Let us examine some further evidence on our banking system — evidence from a most authentic source. (The following summary of evidence, most of it verbatim, was originally compiled by H. E. M. Kensit of Ottawa.)
The Federal Government maintains a Standing Committee on Banking and Commerce. During the 1939 Session this Committee confined its proceedings to an examination respecting the Bank of Canada. The witness for the Bank, subject to cross-examination, was Mr. Graham F. Towers, its Governor. Mr. Towers made a good witness — while immovable as to a direct "yes" or "no" where such answer would not be correct without qualification, he gave frank and definite answers to many questions. The Committee held thirty sittings and its Proceedings cover 850 pages, so that to bring out the important points necessitates drastic condensation. We have endeavoured to do this fairly and in each case we give the page number of the Proceedings so that reference can be made for the context, and for minor qualifications if there be such.
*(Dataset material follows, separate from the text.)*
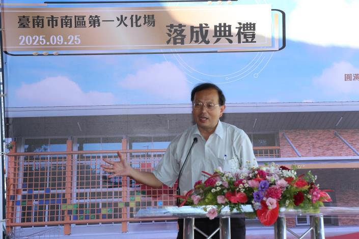 臺南市南區第一火化場改建工程於114年9月25日上午9時25分舉行落成典禮,由民政局姜淋煌局長親自主持,內政部宗教及禮制司唐根深專門委員、殯葬管理所黃相忠代理所長,本市葬儀公會、南區區公所、在地議員及里長,工程監造與施工單位等各界貴賓齊聚一堂,共同見證新式火化場的落成。

Bear in mind that the following statements made or agreed by Mr. Towers are those of the Governor of a government owned central bank, To make the following matter clear we divide it under suitable headings:
(The following extracts are from the Minutes of Proceedings and Evidence Respecting the Bank of Canada, Committee on Banking and Commerce, 1939. Government Printing Bureau, Ottawa.)
MR. TOWERS: "A government can find money in three ways: by taxation, or they might find it by borrowing the savings of the people, or they might find it by action which is allied with an expansive monetary policy, that is borrowing which creates additional money in the process." (P. 29.)
Q: A banker can purchase a federal government bond by accepting from the government, we will say a bond for $1,000 and giving to the government a deposit in the bank for $1,000?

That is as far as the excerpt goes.